Sguardo trepidante sui corpi avviluppati, compenetrati: Oscar s'insinua con la bocca tra le natiche di Ana, che nel frattempo sembrano come riempirsi di fibra, di derma; rassodarsi per suzione, moto linguesco direbbe Sanguineti, come se prendessero a esistere solo ora, nella materia dello sguardo (che custodisce il desiderio), nell'attimo della ripresa; e un dildo, regalo di compleanno, si perde in uno o due anfratti, sotto, che sono il fuoricampo, il baratro in cui germina l'invisibile; riempirsi non tanto di carne, le natiche in sentore di lieve, magnetica cellulite, quanto di cellulosa, di sostanza puramente cinematografica. Questo, nel migliore dei casi, è il cinema di Sorogoyen, anche al di là della tenuta narrativa e della «tensione» di film come Che dio ci perdoni, Madre, As Bestas: cioè il risultato, variabile, della resistenza dei corpi, misurabile nella durata, negli ohm del piano-sequenza.

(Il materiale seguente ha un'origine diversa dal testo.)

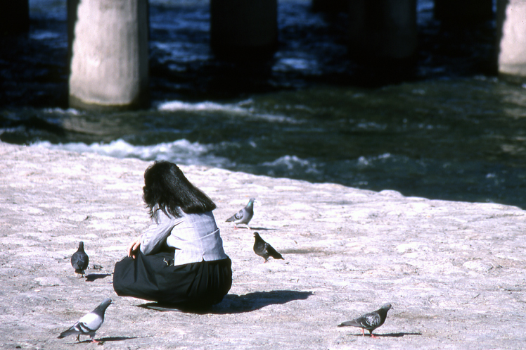 Das Taubenmädchen am Fluss

In questa scena i resistori (i colpi che resistono), il corpo di Ana soprattutto, sono ad alta impedenza, sono gomma che resiste all'elettricità vagolante fuori dall'alcova. Così l'immagine, l'immagine dell'amore, si fa solida attraverso la tensione che si instaura tra i corpi, si fa durata soda (Sorogoyen indugia sull'amplesso: non lo liquida come semplice snodo narrativo), prima di franare, di frangersi sotto le scosse della vita, del caos elettrico al di là delle finestre. Del resto la legge di Ohm recita: la resistenza (R) è il risultato della tensione (V) fratta la corrente (I), e nei Dieci capodanni di Sorogoyen si consustanzia agli interni, si solidifica in immagini «interne» – appartamenti angusti: letti, divani –, dov'è possibile ripararsi dal divenire impensabile, scorazzante sulla crosta terrestre, tra cui anche il virus del Covid-19.

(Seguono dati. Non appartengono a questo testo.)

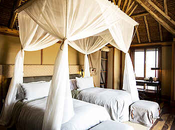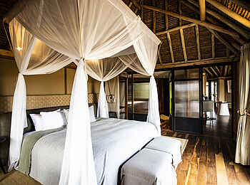 Die Schlafzimmer jeder Villa sind mit einem Kingsize-Himmelbett, Nachttischen mit Beleuchtung, einem bequemen Sofa und großzügigem Stauraum ausgestattet. Private Holzdecks laden mit komfortablen Liegen und einem eingelassenen Jacuzzi zum Verweilen ein. Die Innenbereiche bieten eine stilvolle Lounge, während die schattigen Outdoor-Schwingbetten ideal für ein Nickerchen oder sogar eine Nacht unter dem afrikanischen Sternenhimmel sind. Alle Villen verfügen über moderne En-Suite-Badezimmer mit Doppelwaschbecken, Regenduschen und großzügigen Innen- und Außenbadewannen, die ein entspanntes Badeerlebnis inmitten der Natur ermöglichen.

Una volta fuori dai nidi, la vita incalza, insidia gli amanti (non più saturati, suturati dalla tensione erotica): li rende fragili, in preda alla malinconia, al tedio più cupo, sottoposti all'elettricità sbalestrante, trabalzante dell'atmosfera, al fervore del tempo, che corrode gli animi, le psicologie; in balia della separazione; nella malia di un sibilante senso di solitudine. La serie segue questa anatomia sentimentale: l'ondivago, sismico esprimersi (scomporsi, ricomporsi, mutarsi, smisurarsi) di un amore, mentre la mente va ad alcuni modelli del cinema recente, tra cui Prima dell'alba di Linklater; i film di Valerio Mieli, Dieci inverni e Ricordi? e quel film bellissimo, dimenticato, che è Un amore di Gianluca Maria Tavarelli, intriso fino all'ultima fibra, delle musiche trascendenti, trasparenti di Ezio Bosso, come nello strazio del piano-sequenza in cui Sara e Marco si ritrovano su una spiaggia invernale mentre lei dice «in fondo che senso ha vivere se non si è in due?», e risuona Tango Triste (A Muchy).

È una storia d'amore colta in dieci, diversi, consecutivi capodanni quella di Sorogoyen e dei suoi coautori, dal 2014 al 2024, variando i registri e le musiche, tratte dal repertorio della musica leggera spagnola, tra cui uno dei brani più belli di Nacho Vegas, La noche más larga del año. Ed ecco allora, in un contrappunto di esistenze e resistente, assenze e ritorni, stanze in penombra e l'aria aperta delle città frenetiche, episodi carnei, all'insegna dell'amplesso protratto, arrivando fino all'unico, stupefacente piano-sequenza dell'ultima puntata (vero e proprio, uggioso, livido capolavoro cinematografico), passando per dialoghi serrati, ultradensi (à la Kechiche); allucinazioni, deliqui da techno berlinese in cui compare un barista diafano, esangue, intima coscienza di un'Ana stanca, disamorata; a variazioni sul tema del road-movie, nel mezzo della contenzione per il covid: un viaggio in auto verso il mare, come fosse un viaggio verso l'ignoto, oltre i confini regionali, dentro orizzonti d'asfalto, svanenti campi di viole a fianco, verso l'anno, l'amore, che verrà, se ne andrà.

Una prima versione di questo articolo è uscito sul Manifesto del 5 marzo 2025.